Nothing but an exact repeat of the data, with pictures removed, belongs in the answer.

Material provided -
========
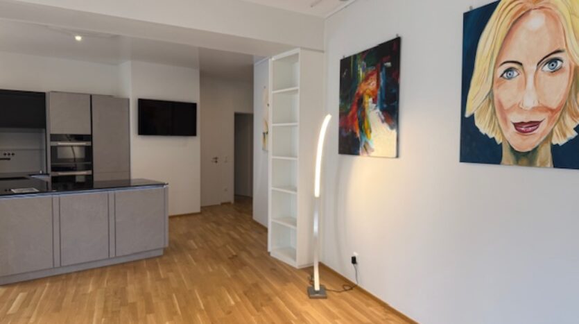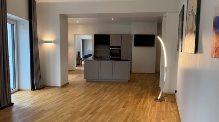 De ruime, lichte woonkamer met open keuken (nauwelijks gebruikt) creëert een uitnodigend ruimtegevoel en overtuigt door de strakke lijnen, hoogwaardige materialen en een harmonieuze kleurstelling.
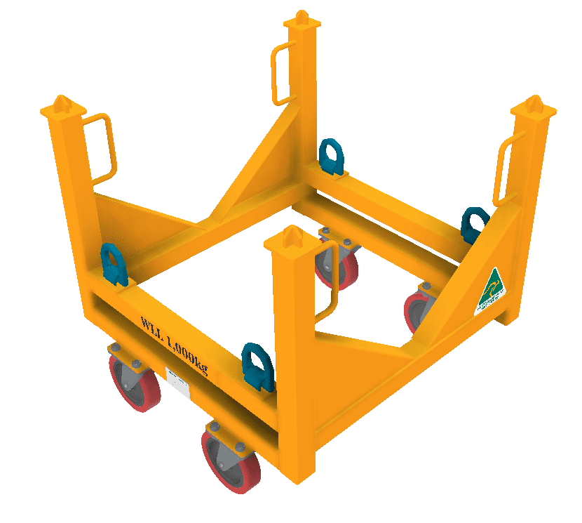 WLL 1T Ext Dimensions L 750 W 750 H 745 Includes 4x Component Lash Down Positions 4x Swivel Castor Wheel Options 250kg 4x Handle Positions Certification & Identification Plaque Finish Spec Painted Or Galvanized Compliance AS3990 & ISO9001 Custom Sizes Available POA
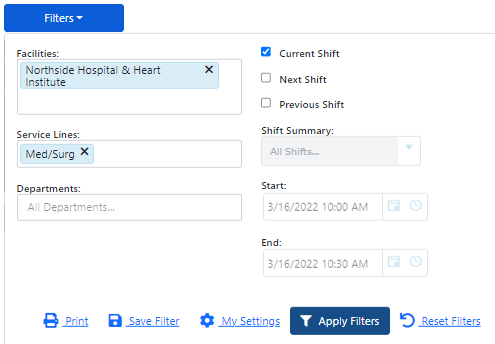 Filter options are determined by the user’s assigned access and permissions. Only those facilities, service lines, and/or departments to which the user has access are available for selection.
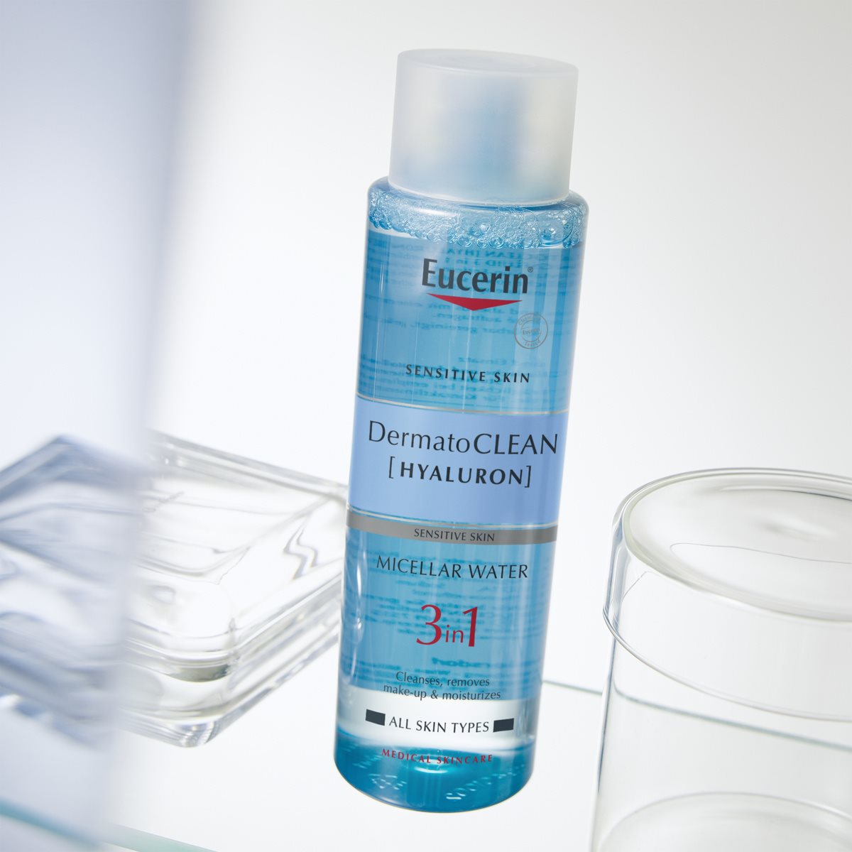 Eucerin DermatoCLEAN [HYALURON] micelarna otopina brzo je i praktično rješenje za čišćenje pogodno za sve tipove kože, a klinički i dermatološki dokazano i za osjetljivu kožu.
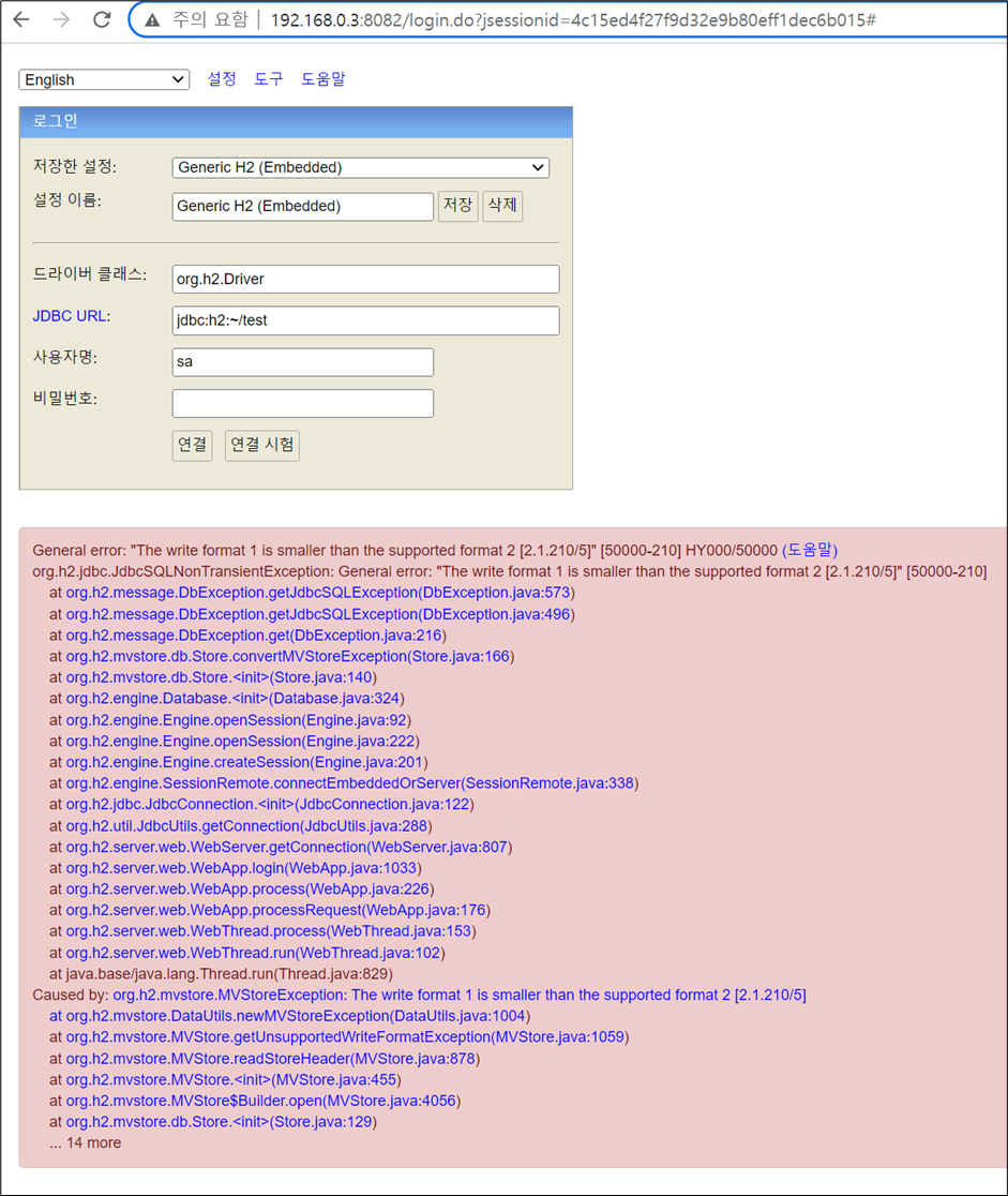 <연결 or 연결 시험 버튼 클릭시 오류날 경우>
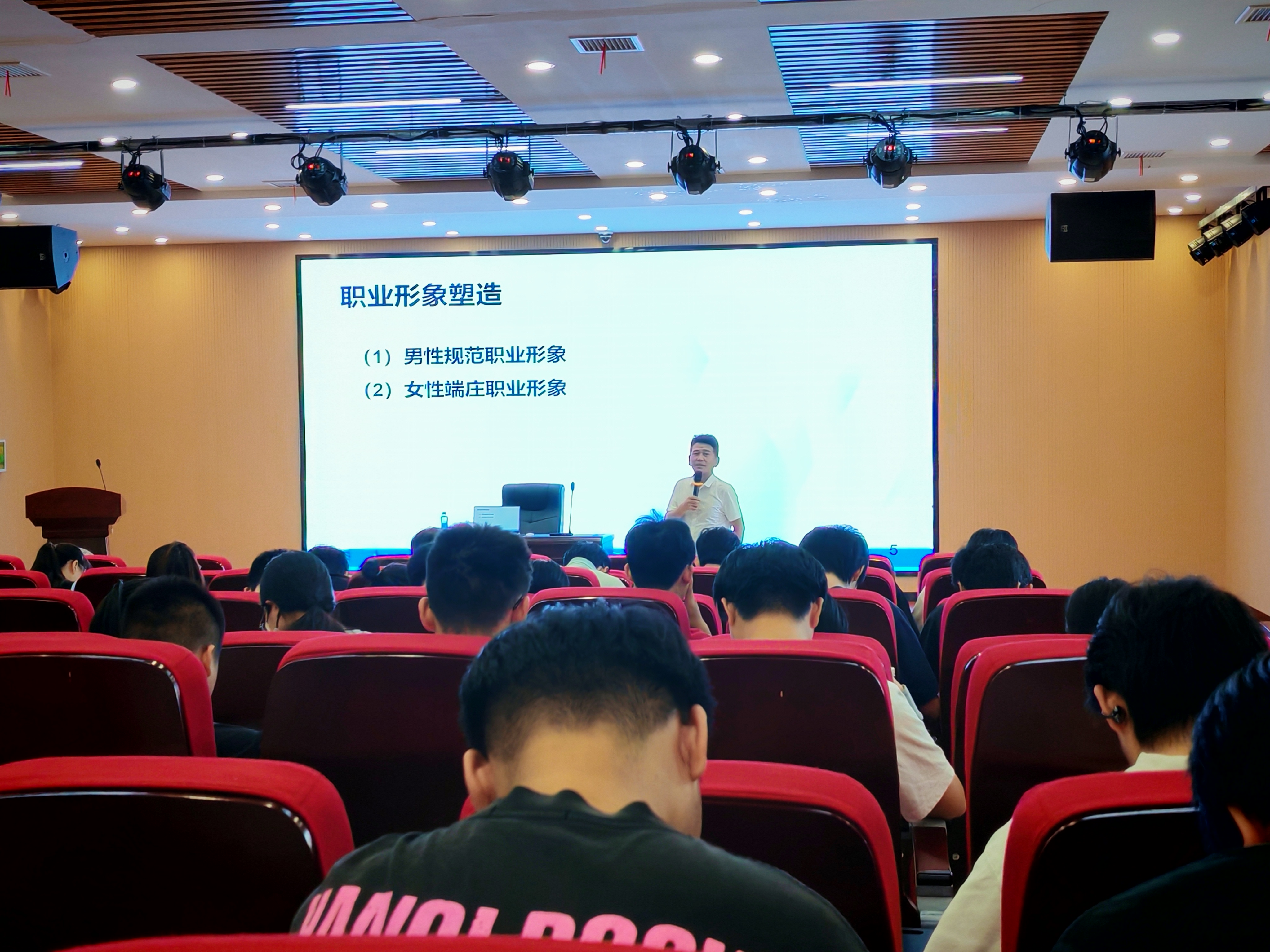 为了深入贯彻落实就业育人理念,帮助学生精准把握职业发展方向,搭建教育与行业需求紧密对接的桥梁,9月23日,beat365中文登录入口于报告厅开展就业育人讲座。此次讲座由学院党总支副书记黄金标主讲,全体毕业生参加。
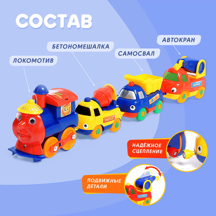 - Локомотивом с вагончиками можно играть отдельно от железнодорожного трека.
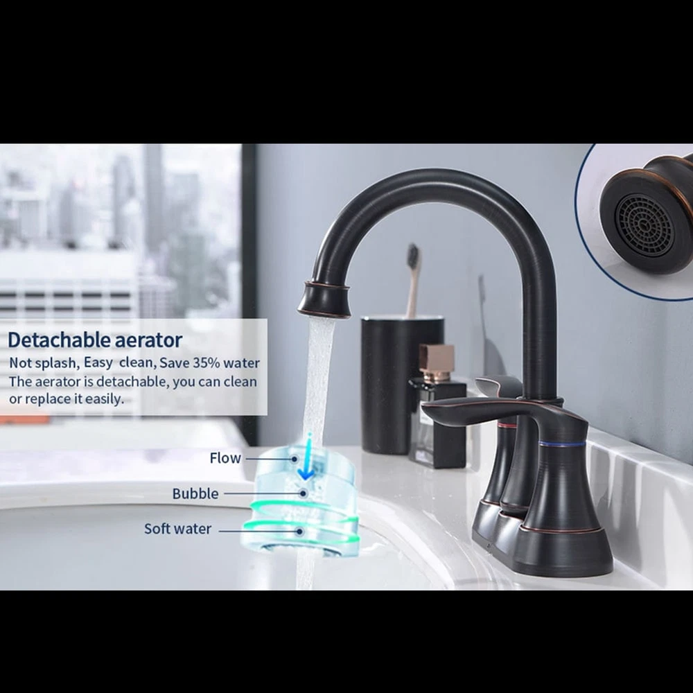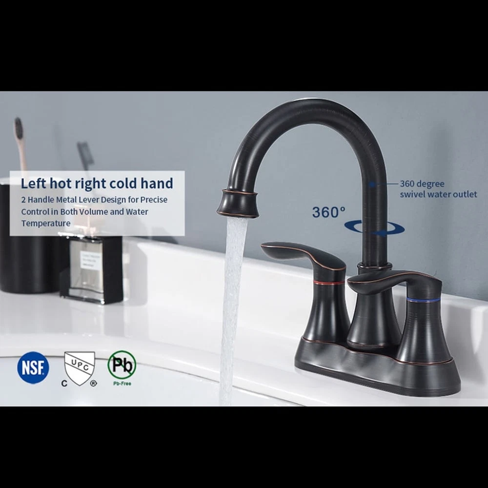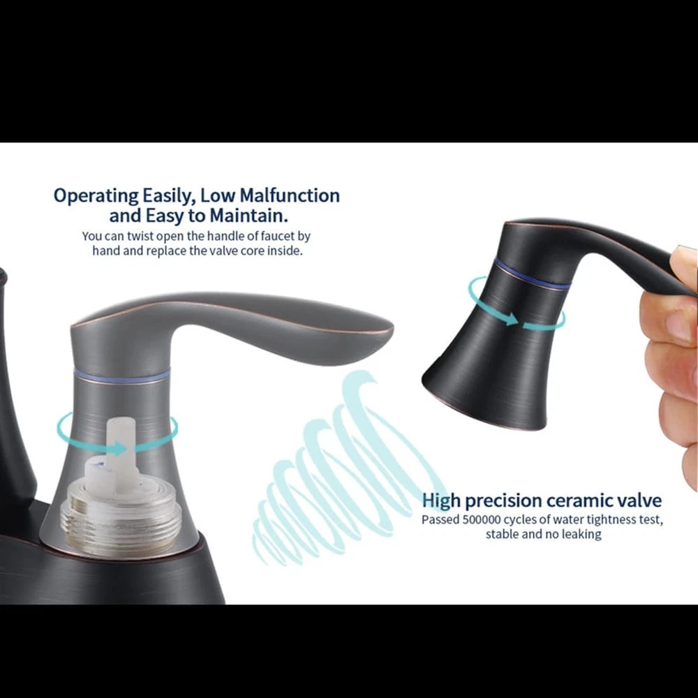 The bathroom faucet improve durability and give you smooth, reliable motion in your bathroom faucet handle for years to come.Make a healthy life for a family,help your children and your parents live in a carefree circumstances.If you like it,don't hesitate to buy it! Features: 1. Two-Handle installation for effortless flow and water temperature control. 2. Solid brass plastic casting body construction ensures durable use. 3. Hot and cold flexible hoses(23.6 inch long) and pop up drain are included. 4. Premium material construction for durable and reliable; Lead-Free and non-toxic, you can use it with confidence.Specifications: Item Weight3 pounds ColorOil-Rubbed Bronze StyleModern FinishOil Rubbed MaterialPlastic casting Number of Handles2 Handle MaterialZinc Plug Free Shipping Over $49.99* Details 2-Handle Bathroom Vanity Sink Faucet with Pop-up Drain and Supply Hose Product Description: The bathroom faucet improve durability and give you smooth, reliable motion in your bathroom faucet handle for years to come.Make a healthy life for a family,help your children and your parents live in a carefree circumstances.If you like it,don't hesitate to buy it! Features: 1. Two-Handle installation for effortless flow and water temperature control. 2. Solid brass plastic casting body construction ensures durable use. 3. Hot and cold flexible hoses(23.6 inch long) and pop up drain are included. 4. Premium material construction for durable and reliable; Lead-Free and non-toxic, you can use it with confidence. Specifications: Item Weight3 pounds ColorOil-Rubbed Bronze StyleModern FinishOil Rubbed MaterialPlastic casting Number of Handles2 Handle MaterialZinc Plug ProfileDeck Mount Package includes: 1*Bathroom Faucet 1*Accessories 1*Instruction manual Note: 1Manual measurement has been used, there may be some reasonable error. 2All the pictures are taken by actual samples, slight chromatic aberration may occur due to lighting or display.
========
Result below -
 De ruime, lichte woonkamer met open keuken (nauwelijks gebruikt) creëert een uitnodigend ruimtegevoel en overtuigt door de strakke lijnen, hoogwaardige materialen en een harmonieuze kleurstelling.
 WLL 1T Ext Dimensions L 750 W 750 H 745 Includes 4x Component Lash Down Positions 4x Swivel Castor Wheel Options 250kg 4x Handle Positions Certification & Identification Plaque Finish Spec Painted Or Galvanized Compliance AS3990 & ISO9001 Custom Sizes Available POA
 Filter options are determined by the user’s assigned access and permissions. Only those facilities, service lines, and/or departments to which the user has access are available for selection.
 Eucerin DermatoCLEAN [HYALURON] micelarna otopina brzo je i praktično rješenje za čišćenje pogodno za sve tipove kože, a klinički i dermatološki dokazano i za osjetljivu kožu.
 <연결 or 연결 시험 버튼 클릭시 오류날 경우>
 为了深入贯彻落实就业育人理念,帮助学生精准把握职业发展方向,搭建教育与行业需求紧密对接的桥梁,9月23日,beat365中文登录入口于报告厅开展就业育人讲座。此次讲座由学院党总支副书记黄金标主讲,全体毕业生参加。
 - Локомотивом с вагончиками можно играть отдельно от железнодорожного трека.
 The bathroom faucet improve durability and give you smooth, reliable motion in your bathroom faucet handle for years to come.Make a healthy life for a family,help your children and your parents live in a carefree circumstances.If you like it,don't hesitate to buy it! Features: 1. Two-Handle installation for effortless flow and water temperature control. 2. Solid brass plastic casting body construction ensures durable use. 3. Hot and cold flexible hoses(23.6 inch long) and pop up drain are included. 4. Premium material construction for durable and reliable; Lead-Free and non-toxic, you can use it with confidence.Specifications: Item Weight3 pounds ColorOil-Rubbed Bronze StyleModern FinishOil Rubbed MaterialPlastic casting Number of Handles2 Handle MaterialZinc Plug Free Shipping Over $49.99* Details 2-Handle Bathroom Vanity Sink Faucet with Pop-up Drain and Supply Hose Product Description: The bathroom faucet improve durability and give you smooth, reliable motion in your bathroom faucet handle for years to come.Make a healthy life for a family,help your children and your parents live in a carefree circumstances.If you like it,don't hesitate to buy it! Features: 1. Two-Handle installation for effortless flow and water temperature control. 2. Solid brass plastic casting body construction ensures durable use. 3. Hot and cold flexible hoses(23.6 inch long) and pop up drain are included. 4. Premium material construction for durable and reliable; Lead-Free and non-toxic, you can use it with confidence. Specifications: Item Weight3 pounds ColorOil-Rubbed Bronze StyleModern FinishOil Rubbed MaterialPlastic casting Number of Handles2 Handle MaterialZinc Plug ProfileDeck Mount Package includes: 1*Bathroom Faucet 1*Accessories 1*Instruction manual Note: 1Manual measurement has been used, there may be some reasonable error. 2All the pictures are taken by actual samples, slight chromatic aberration may occur due to lighting or display.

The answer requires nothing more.